Camilla didn't become the rage, but she acquired a small reputation in the city, and she banished the crook who called himself a dealer. Victoria persuaded her to entrust her work to a small respectable agency with a good publicist. Camilla agreed, on the condition that her own photograph never appear and her disability not be mentioned. Pride, Victoria expected, could be overcome as time went on. Money came in. The Bahande flat was gradually improved until it looked like a home.
"But what about your ten percent?" Hector argued one day after dinner.

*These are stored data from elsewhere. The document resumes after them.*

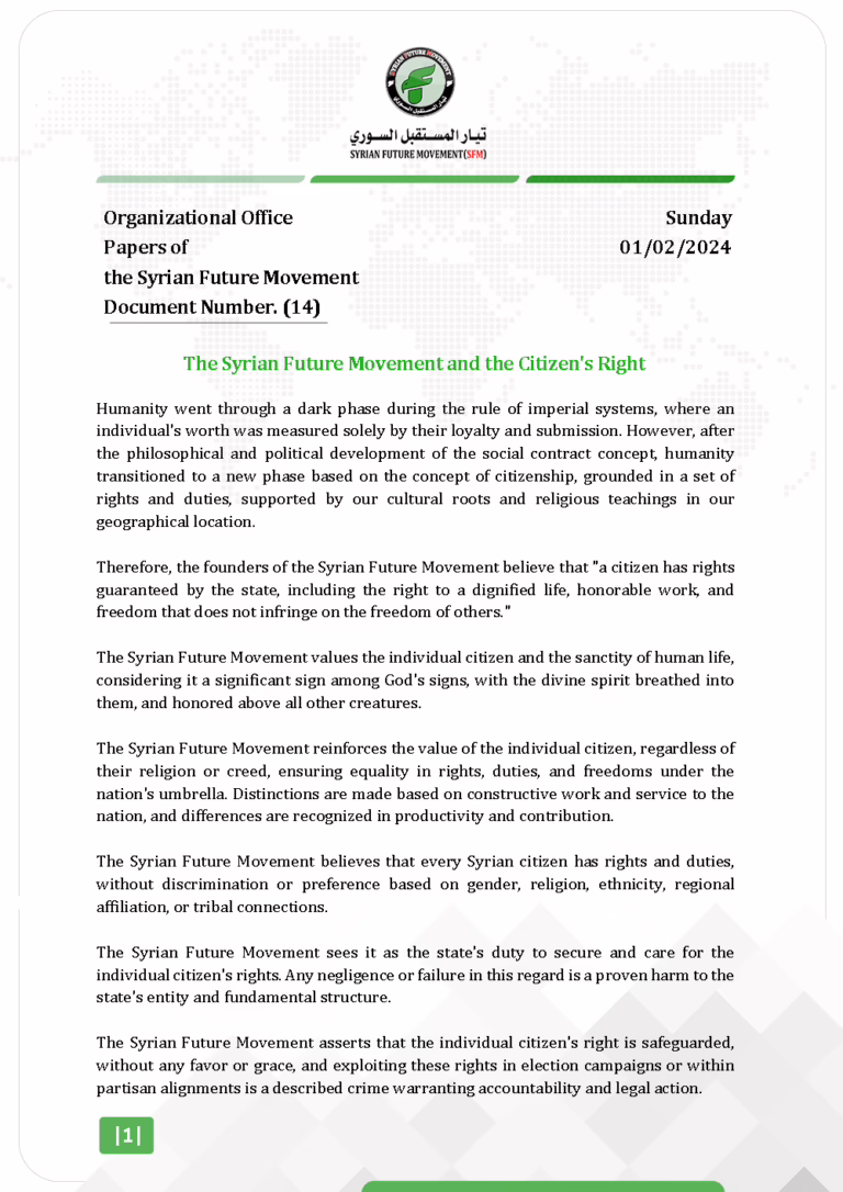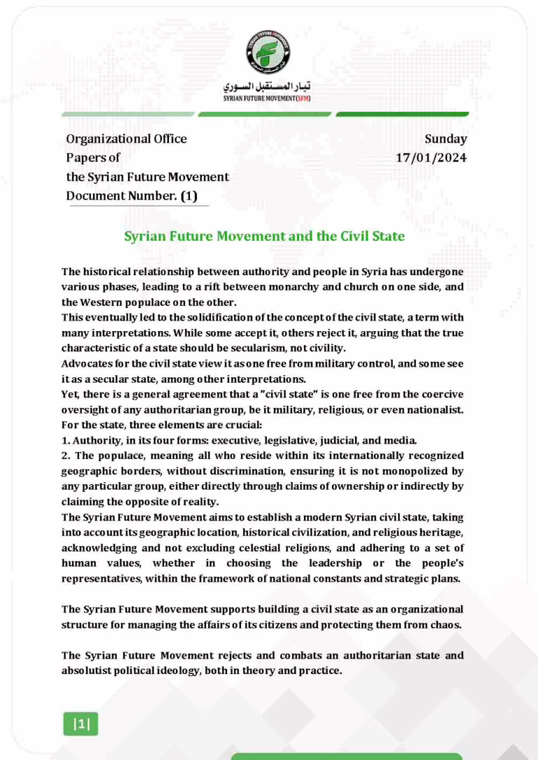 The Syrian Future Movement believes that a civil state is based on constitutional legitimacy, through a voluntary contract between the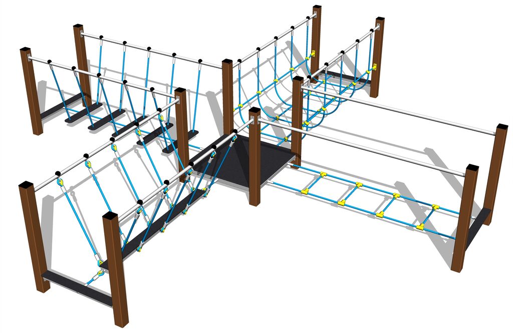 Traseul îndemânării SD8010K - nu este necesară o zonă de cădere până la înălțimea de 1 m, o suprafață cu iarbă este suficientă. Oferim două variante de culoare ale structurii de susținere - maro și argintiu. Mai multe informaţii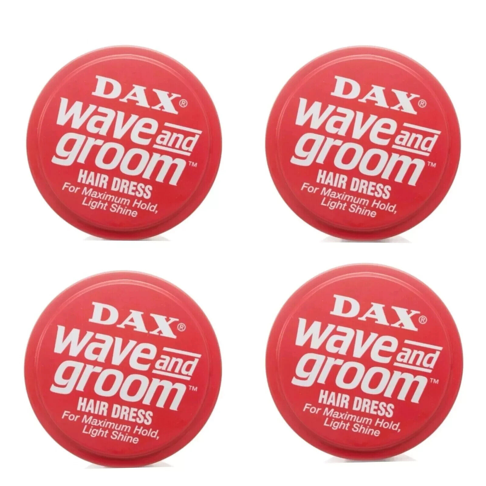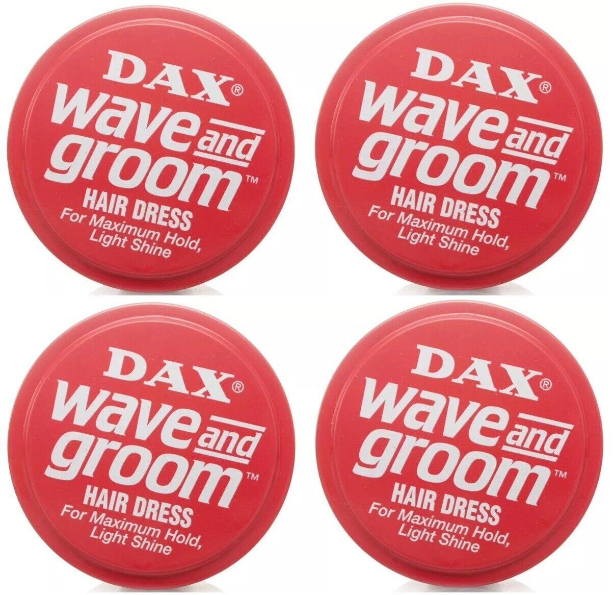 4 X Dax Wax Red Wave and Groom Hair dress For Maximum hold, light shine 99g Tin.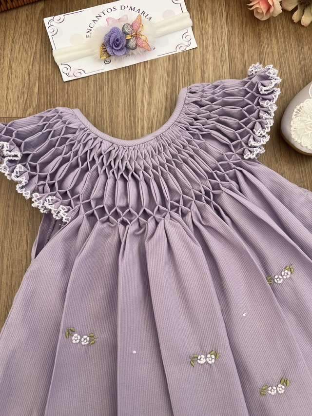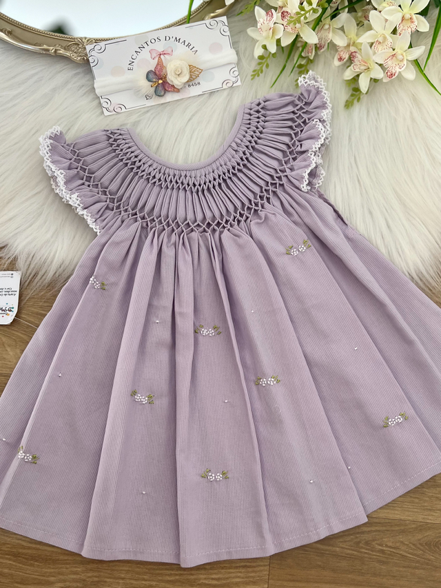 Vestido modelo casinha de abelha confeccionado em fustão 100% algodão com bordados manuais de flores brancos com galhos verde, possui aplicação de biquinho de linha nas mangas. OBS. O busto desse vestido é bem amplo, o modelo da pala é drapeada em pinças proporcionando mais largueza, entao a escolha do tamanho ideal para sua bebê sempre será baseada no à COMPRIMENTO.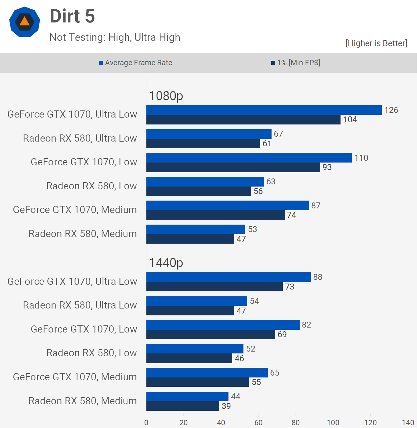 If these results look a bit odd to you it's because they are. The RX 580 runs into some kind of bug in Dirt 5, which is humorous given this is an AMD sponsored title. So the margins to the GTX 1070 are significantly larger than they should be, but that's not an issue for the GeForce GPU as it was able to deliver more than 60 fps at 1440p using the medium quality preset. The 1070 is a great second hand option for those looking to do some rally driving.

He and Victoria were now sitting on the porch, Hector's painful knee elevated on a wicker stool. Victoria had cooked the meal for everyone in the Bahande kitchen-fish, a salad, fruit, walnut bread. Joe had spent the rest of the evening reading Richard Dawkins; Acelle, working on her knitting: a scarf for someone. Zeph watched Camilla carve a cat's head for his walking stick; one feline eye had a congenital droop. Only Camilla knew that Zeph was planning to give the stick to her father. When Joe said he was going home, Zeph had interrupted his silent concentration to keep the boy company on the walk. The girls had gone to bed.
"Your ten percent," Hector said again.
"I'm aging, not an agent. I'm glad someone else is doing that hard work. I'm suited to a gift shop."
"You have been a gift to us," he said softly.
How handsome he looked in his new shirt-though no more handsome than in the security officer's uniform he put on every day.
"As for old-you are not much older than me," he said, leaning forward but not yet touching her.
"I'm sixty."
He nodded without surprise. "I'm forty-five, and my bad joints make me fifty. Come live with us."